Bob’s jaded, Charlotte’s adrift, but they both always know they have worrying marriages to return to. Lost in Translation is, then, a strong dual character study and a distinctive romance. The exotic setting allows it to expand into something larger, speaking to the emotional fundamentals of being in a strange place for a short time. The utter foreignness of the new locale, its sights and sounds, language and rhythms – how enchanting, invigorating and alienating this all can be. The peculiar loneliness of hotel rooms. The desperate strain of feeling obliged to enjoy tourist attractions: Charlotte feels nothing at a Buddhist temple she visits, whereas chancing upon a wedding ceremony absorbs her. Coppola and her cinematographer Lance Acord capture these themes imaginatively. Perhaps the standout image is Bob on a dazzling green golf course in the foreground, Mount Fuji mysterious in the background.

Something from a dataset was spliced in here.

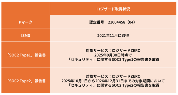▲ロジザードの認証取得状況(出所:ロジザード)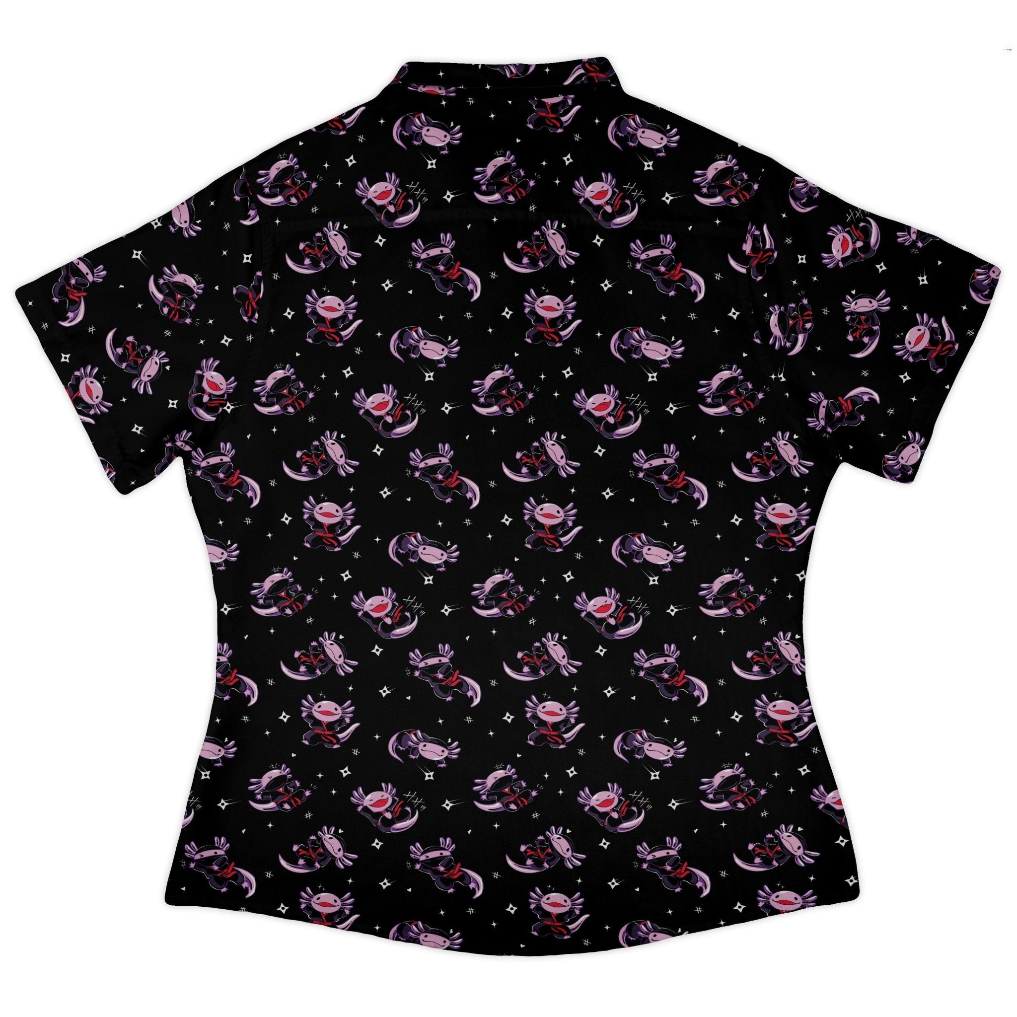 The Axolotl Ninjas Curvy Button Up Shirt brings covert charm to your closet with an all-over repeat of stealthy axolotls—masked, mischievous, and mid-maneuver—designed by Tobe Fonseca and bursting with maximalist energy. Tailored to celebrate curves, it bridges work and play with ease. The artwork lines up cleanly across the front and pocket, and it’s printed with eco-conscious inks for style that’s as smart as it looks.

Sofia Coppola was in a privileged position. Like her directing debut, The Virgin Suicides (1999), this sophomore feature was financially supported by American Zoetrope, co-founded by her father in the 1970s (in 2007, Sofia and her brother Roman became the company’s co-owners). Even so, the picture was made outside the Hollywood studio system, with a small crew, on what sounds like – even a quarter-century ago – an almost indie budget of $4m. This is an artistically ambitious film that took well over $100m at the box office. Like the funny-foreigner jokes, that combination seems to date Lost in Translation; unlike the jokes, in a good way.